EXCLUSIVE: Dennis Rader, the BTK serial killer, says Oklahoma investigators have interviewed him a second time about a cold case kidnapping of a 16-year-old cheerleader named Cynthia Dawn Kinney.
Kinney, known to friends as Cyndi, was last seen June 23, 1976, in Osage, Oklahoma.
Her last known sighting came as she left a laundromat and entered a beige 1965 Plymouth with two women, according to the National Missing and Unidentified Persons System. She was 16 at the time.
Rader, 78, told Fox News Digital Wednesday investigators from the Osage County Sheriff's Office visited him for a second time about the case last week.
"Sheriff from Oklahoma … is pursuing a case against me … regarding a missing girl on June 23, 1976," he told Fox News Digital. "Her name is Cynthia Dawn Kinney, presumed a kidnapped and missing case. I signed the Miranda on Friday. Yet to be arrested."
Osage County Sheriff Eddie Virden, however, said it was premature to talk about an arrest in the case.
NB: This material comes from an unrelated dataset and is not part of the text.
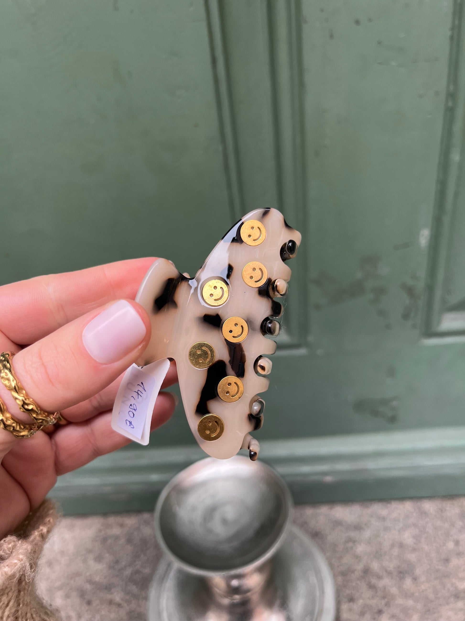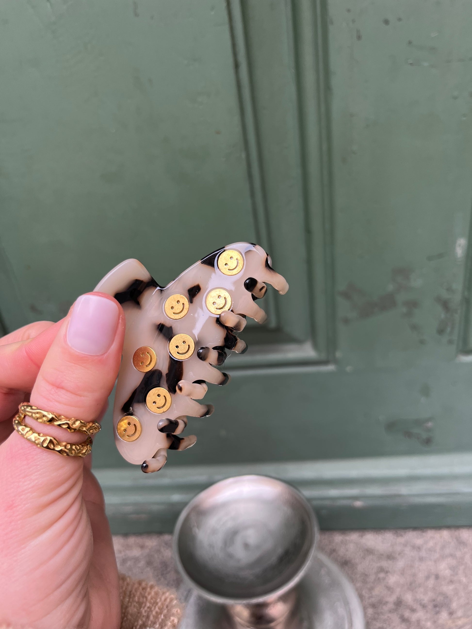 Unsere süße Haarklammer mit kleinen goldenen Smileys 🥰

"I can't tell you whether we're going to come up with anything or whether we’re not," he told Fox News Digital. "We won't leave anything uninvestigated."
It's unclear what brought his investigators to Rader's prison cell in Kansas. The sheriff said he could not discuss specific details of the open investigation.
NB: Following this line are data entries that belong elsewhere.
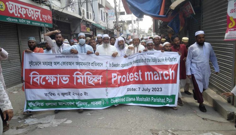 সুইডেনে কোরআন পোড়ানোর প্রতিবাদে পাবনায় ওলামা মাশায়েখ পরিষদের উদ্যোগে বিক্ষোভ মিছিল
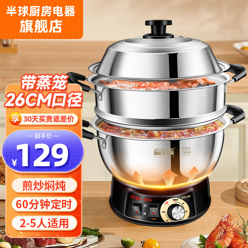 半球(PESKOE) 多功能锅多用途锅电炒锅电蒸锅电煮锅加厚食品级不锈钢电炖锅电火锅炒菜锅大功率 2.6L 26cm带蒸笼定时款(适用2-5人)
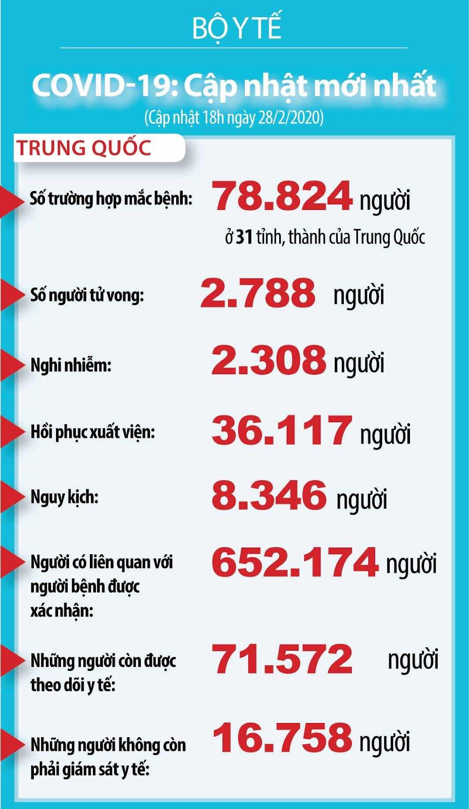 - Theo báo cáo của hệ thống giám sát bệnh truyền nhiễm cập nhật đến 19h ngày 28/2, thế giới ghi nhận 83.715 người nhiễm bệnh viêm đường hô hấp cấp (Covid-19) tại 57 quốc gia và vùng lãnh thổ. Số ca tử vong lên tới 2.859.

But he said detectives were following up on all possible leads.
"We're investigating a cold case," he said. "We're doing our followups."
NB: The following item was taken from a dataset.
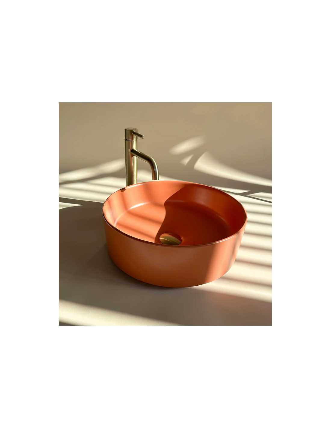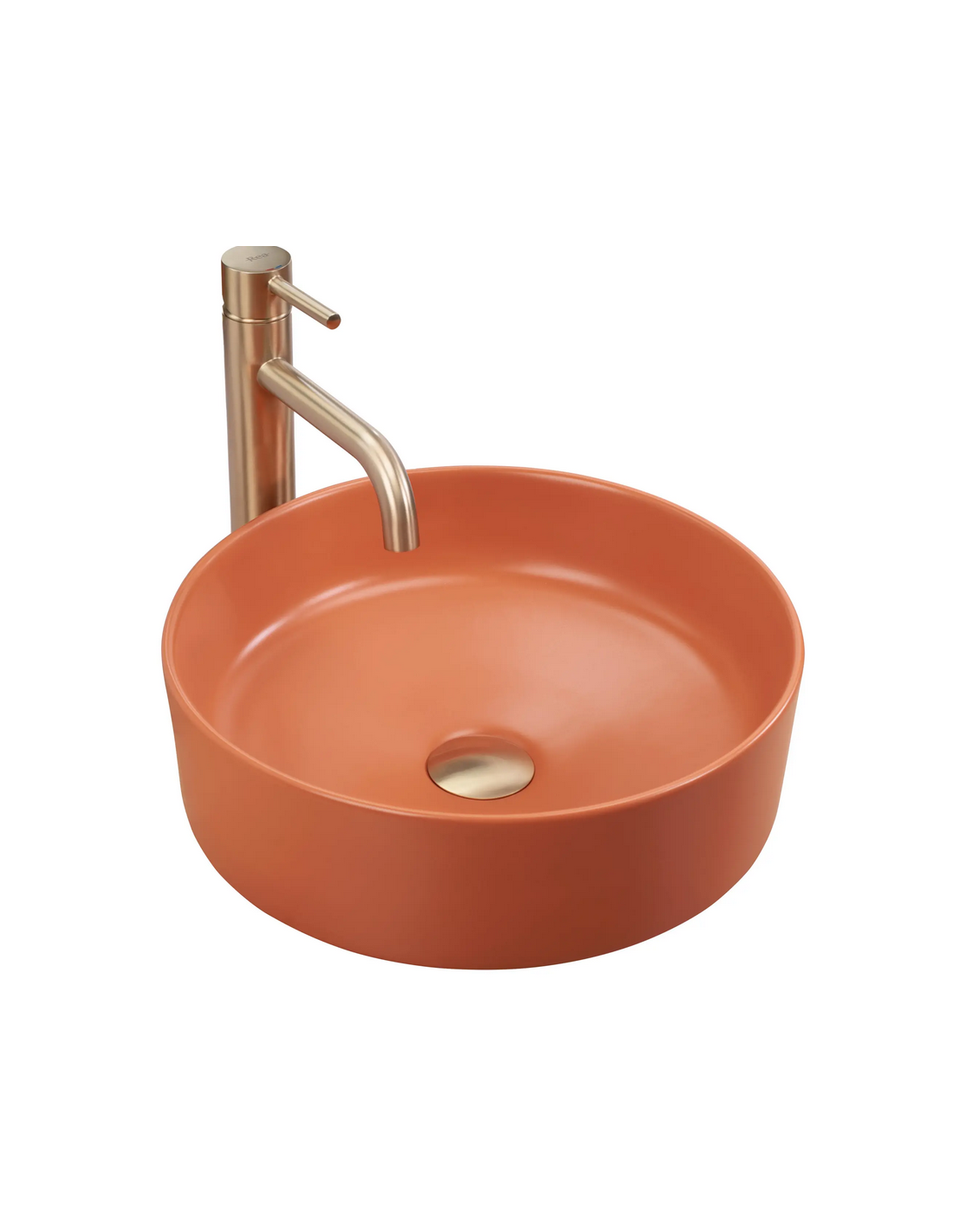 Bordmonteret rund håndvask i keramik Ø37 cm - Mat terracotta

Kinney was 5 feet, 1 inch tall and 97 pounds when she vanished, according to authorities. She had brown eyes and brown hair.
She had worked at the laundromat, which her aunt and uncle owned at the time, according to The Charley Project, which compiles and republishes information on missing person cases. Possible sightings were reported in Kansas, according to the outlet, but she was never found.
"We hope we come up with something for closure and justice for victims," Virden said. "But an investigation is an investigation; sometimes they go places.
"There may be some things that we felt like we need to look into, and we're following up on those."
Rader told TMZ in February he had been visited by Osage investigators for the first time, claiming investigators may have been exploring a potential connection because he had been active about two hours away in Wichita, Kansas, at the time. He denied any involvement in Kinney's disappearance.
He is serving multiple life sentences in the El Dorado Correction Facility in Kansas for 10 brutal murders committed between 1974 and 1991.
Rader's daughter, Kerri Rawson, told Fox News Digital she does not believe the Kinney case fits the distinct patterns of her father's other murders, which involved stalking his victims, home invasion attacks and taking "trophies." And she said she has no knowledge of him having reason to be in Oklahoma in June 1976.
"While it is my hope and prayer this missing person cold case gets solved for the family and friends of Kinney, in no way do I believe my father is connected. And, in fact, I believe he’s telling the truth on this, as he has done since 2005 on the 10 he did commit," she said.
Rader said he has been following current events and high-profile crime stories from prison, including the Alex Murdaugh murder trial and the University of Idaho student stabbings and the arrest of suspect Bryan Kohberger.
Kohberger, like Rader, studied criminal justice. As part of his master's degree in the field from DeSales University, he took classes under Dr. Katherine Ramsland, an expert on serial killers who has worked extensively with Rader.
"It appears to me serial killers and others follow criminal justice like some people follow sports and political issues," Rader told Fox News Digital. "There may be a fine line between [criminal justice] and extreme bad behavior. Someone ought to do a book on that."